The Irish Family Planning Association has launched the Campaign for Safe and Legal Abortion in Ireland. The primary basis of the campaign is a legal case that will be heard at the European Court of Human Rights on behalf of three Irish women who have had abortions in the UK over the past year. The IFPA is supporting the case as part of a new campaign aimed at the introduction of legal abortion services in Ireland. The case may not be heard for about 18 months and the IFPA will meanwhile start a lobbying campaign of political parties over the next few months.
I believe that this initiative should be supported on prudential public policy grounds. I'm all for "ending the hypocrisy" of sending 6,000 women abroad each year for terminations just to keep abortion officially out of the country. But the way to succeed politically in this issue is to avoid appeals to moral sentiment and the use of abstract notions such as "right to choose". That is not in the least bit incompatible with the attempt, as Professor Ivana Bacik says, "to move forward the law on abortion in Ireland from an entirely woman-centred perspective".

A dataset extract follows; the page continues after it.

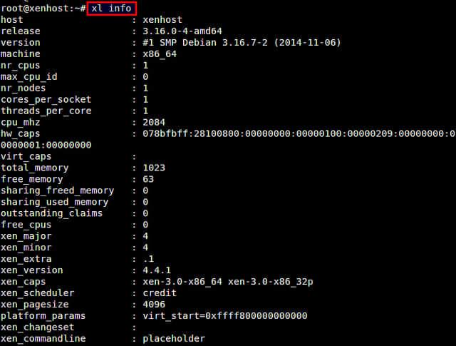 将会显示很多关于 Xen 主机的信息。
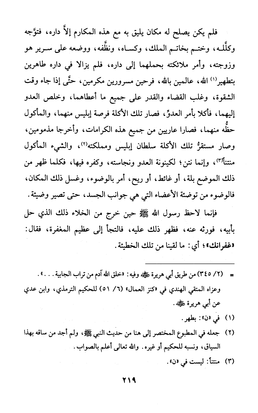 فلم يكن يصلح له مكان يليق به مع هذه المكارم إلا داره، فتوجه وكلله، وختم بخاتم الملك، وكساه، ونظفه، ووضعه على سرير هو وزوجته، وأمر ملائكته بحملهما إلى داره، فلم يزالا في داره طاهرين بتطهير الله، عالمين بالله، فرحين مسرورين مكرمين، حتى إذا جاء وقت الشقوة، وغلب القضاء والقدر على جميع ما أعطاهما، وخلص العدو إليهما، فأكلا بأمر العدو، فصار تلك الأكلة فرصة إبليس منهما، والمأكول حظه منهما، فصارا عاريين من جميع هذه الكرامات، وأخرجا مذمومين، وصار مستقر تلك الأكلة سلطان إبليس ومملكته، والشيء المأكول منتناً، وإنما نتن؛ لكينونة العدو ونجاسته، وكفره فيها، فكلما ظهر من ذلك الموضع بلة، أو غائط، أو ريح، أمر بالوضوء، وغسل ذلك المكان، فالوضوء من توضئة الأعضاء التي هي جوانب الجسد، حتى تصير وضيئة.

The legal case is based on the claim that the the three women were denied their rights because of the government's failure to legislate on abortion. The grounds on which the case is being taken are based on very particular and concrete circumstances. To quote Ivana Bacik from The Irish Times:
Travelling abroad for an abortion placed enormous emotional burdens for [the three women]...The law created delays and hardship for each woman which resulted in her having a later abortion at greater risk to her health
Bacik believes that this case will be successful and will ultimately force a change in the law, just as the Norris case in 1988 resulted in the decriminalisation of homosexuality. Recent opinion polls tend to support the claim that people in Ireland increasingly recognise that abortion should be legal under certain specific circumstances. But how do we move from legal argument to political reality?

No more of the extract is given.